I took a surf zone kayaking class and the one thing they told me that sort of stuck was that at some point in a sea kayak, you will broach. You will turn sideways to the wave.
Keeping a sea kayak headed straight in surfing a wave is very hard and is a special skill that needs to be learned. So is handling a broach.
I don't think that you will know if the rudder is useful in the surf until you actually learn more about surf zone kayaking.
That said, with the rudder down, it will hang below the bottom of the boat and might make it hard to brace into the oncoming wave. The rudder will keep the bottom of the boat in place in the water and the wave would be pushing the top of the boat and your body over. In the surf during a broach, you normally would lean into the oncoming wave and brace as it eh wave pushed you sideways.
Others with more surf expertise could describe this better and maybe have some first hand knowledge about how the rudder will act in surf situations.
I use a skeg now but when I had a ruddered boat, I used it to keep straight in the wind. Of course steering with the rudder down requires using the rudder since paddling strokes don't have much effect.

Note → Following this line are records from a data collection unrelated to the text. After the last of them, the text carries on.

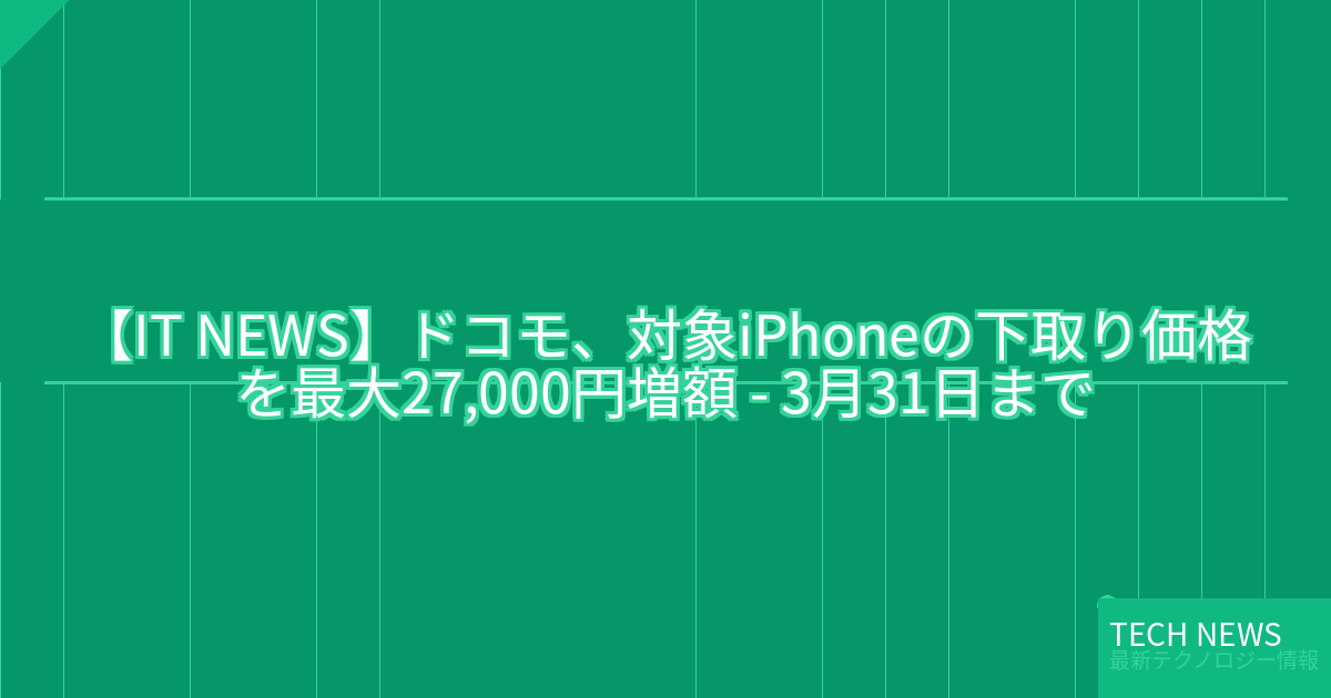記事タイトル:ドコモ、対象iPhoneの下取り価格を最大27,000円増額 – 3月31日まで
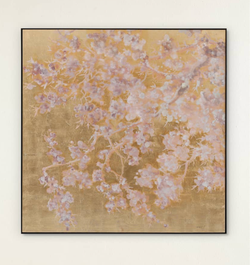 Indulge in luxury with Teng Fei's Gilded Canopy. This oil painting on canvas features a stunning gilded canopy, embellished with delicate strokes of gold leaf. Admire the intricate details of the pink flowers in this exclusive piece of art. Elevate your home decor with this elegant masterpiece.
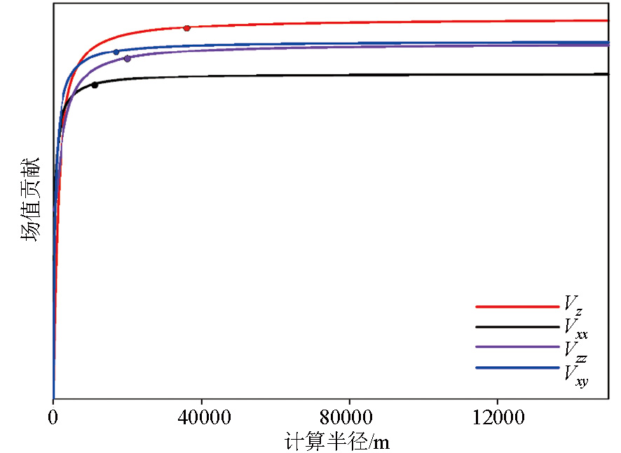 | 图3 场值贡献随计算半径变化曲线 (圆点表示计算的footprint半径坐标点) |
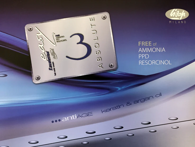 Boekoverzicht met nauwkeurige haarstalen van het volledige permanente kleurbereik zonder ammoniak van Easy Absolute. Haarstalen zijn afneembaar en kunnen dus heel nauwkeurig worden vergeleken met de bestaande haarkleur.
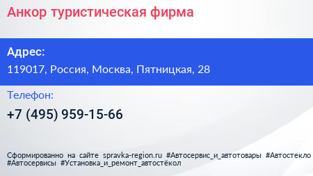 Анкор, туристическая фирма по адресу 119017, Россия, Москва, Пятницкая, 28 в дальнейшем Организация, размещена в следующих категориях:
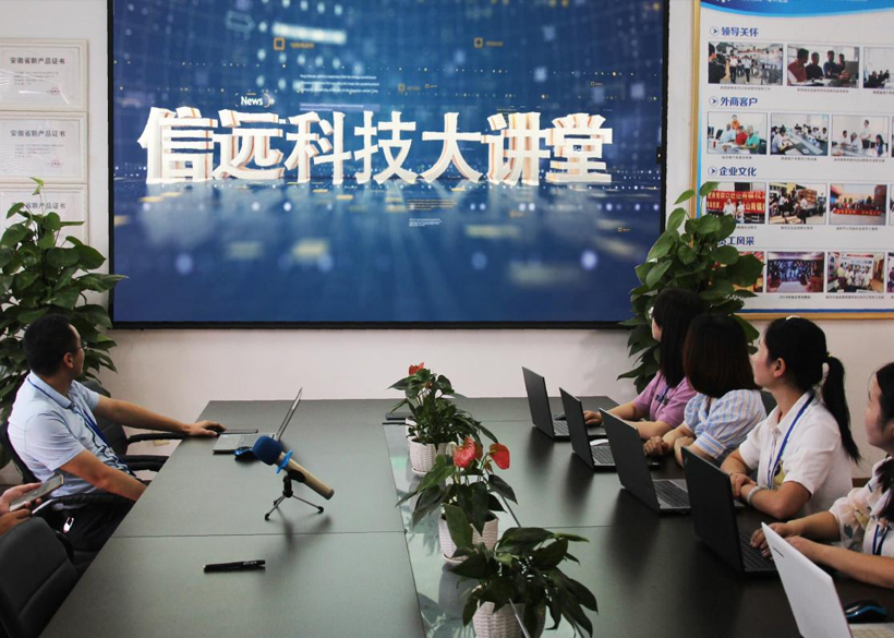 9時20分,隨著開播10秒倒計時結束,董事長倪總宣布《信遠科技大講堂》正式開播。頓時恢弘大氣的三維片頭躍入眼簾,現(xiàn)場掌聲雷動,現(xiàn)場的各位同事紛紛祝賀開播順利!同時,負責多媒體推廣的同事們現(xiàn)場在各大互聯(lián)網(wǎng)視頻平臺上進行了同步上線發(fā)布。

That thing about the rudder being out of the water might be true depending on conditions. Someone watching you might be able to tell you more.
P.S. That surf zone class was loads of fun and I learned a lot. I highly recommend it since a book or video can't watch you and tell you what you are doing wrong. I'm a self-taught roller but I don't think I would have managed getting past the initial learning curve without personal instruction.